Suspended New Orleans deacon pleads guilty to molesting preteen boy

— VM Wheeler, 64, admits indecent behavior with juvenile in latest twist to Catholic church’s molestation scandal

This 2012 file photo shows a silhouette of a crucifix and a stained glass window inside a Catholic church in New Orleans.

By Ramon Antonio Vargas

The clerical molestation scandal that for decades has engulfed the Roman Catholic church in New Orleans took another turn on Tuesday, when a suspended deacon pleaded guilty to charges that he sexually abused a preteen boy two decades earlier, before the defendant’s ordination as a clergy member.

Virgil Maxey “VM” Wheeler III, 64, pleaded guilty to four charges of indecent behavior with a juvenile filed against him in state court in Jefferson parish, which neighbors New Orleans. He agreed to serve five years of probation in exchange for that plea, avoid contact with the victim for the rest of his life and register as a sex offender for 15 years, court records show.

Meanwhile, prosecutors dismissed charges of sexual battery of a child younger than 13 that they had initially leveled against him.
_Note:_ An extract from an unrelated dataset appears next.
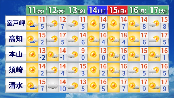 11日の高知県内は、高気圧に覆われて晴れるでしょう。朝の最低気温は、平年のこの時期よりも低く、冷え込みの厳しいところが多くなるでしょう。日中の最高気温は、平年並みに留まる見込みです。前日に続き、空気も乾燥しますので火の取り扱いに注意が必要です。

The dismissed charges could have carried 10 years in prison if he had been convicted, based on Louisiana law in effect at the time of the admitted abuse.

Court documents spelling out Wheeler’s plea noted that the abuse occurred between 2000 and 2002.

Despite Tuesday’s plea, Wheeler is still facing a civil lawsuit demanding damages for his now acknowledged victim.

That suit claims – among other assertions – that prominent local Catholics unsuccessfully mounted a pressure campaign to get the victim to abandon his allegations against Wheeler, who was also a well-known attorney in the area, including an offer of $400,000 for the victim to stop cooperating with law enforcement officials.

Wheeler was once friends with the family of his accuser, whose identity is known but has not been published in news reports because media outlets do not name victims of sexual abuse without their permission.

The unresolved civil lawsuit alleges that the victim’s mother – knowing Wheeler dreamed of becoming a deacon – had reported to local church officials years ago that Wheeler had tried to coax the victim and the victim’s brother into bed during a ski trip when the victim was 12.

Nonetheless, church officials have maintained that the victim did not fully disclose details of his abuse at the hands of Wheeler until the summer of 2020. The New Orleans church by then had ordained Wheeler as one of its deacons, who are similar to priests, though they can join the clergy despite being married.

But the victim’s report against Wheeler prompted New Orleans’s archbishop, Gregory Aymond, to suspend Wheeler from his work as a deacon at a church in a suburban part of the city. Prosecutors in Jefferson parish charged Wheeler late last year. He declared himself not guilty at first but reversed himself Tuesday.

The victim on Tuesday read a statement in court that in part discussed how his pursuit of justice demonstrated how “you can turn pain into power”.

It wasn’t immediately clear whether the New Orleans archdiocese would add Wheeler to a list of clerics who have worked – or were ordained – locally and have been credibly accused of sexually abusing minors or vulnerable adults.

Aymond’s initial release of that list in 2018 – the same year as Wheeler’s ordination – led to a wave of lawsuits against the church, which has since filed for chapter 11 bankruptcy protection. The list’s release was meant as an act of transparency aimed at parishioners who had lost faith amid new revelations at the time linked to the global church’s clerical abuse crisis, dating back decades.

Last week, the Guardian was first to report that one of the claims filed as part of the bankruptcy case was from a former New Orleans seminarian who in the 1990s alleged that he was harassed at a local college which trains priests, including by Aymond, who was the school’s rector at the time. Aymond vehemently denies the claim.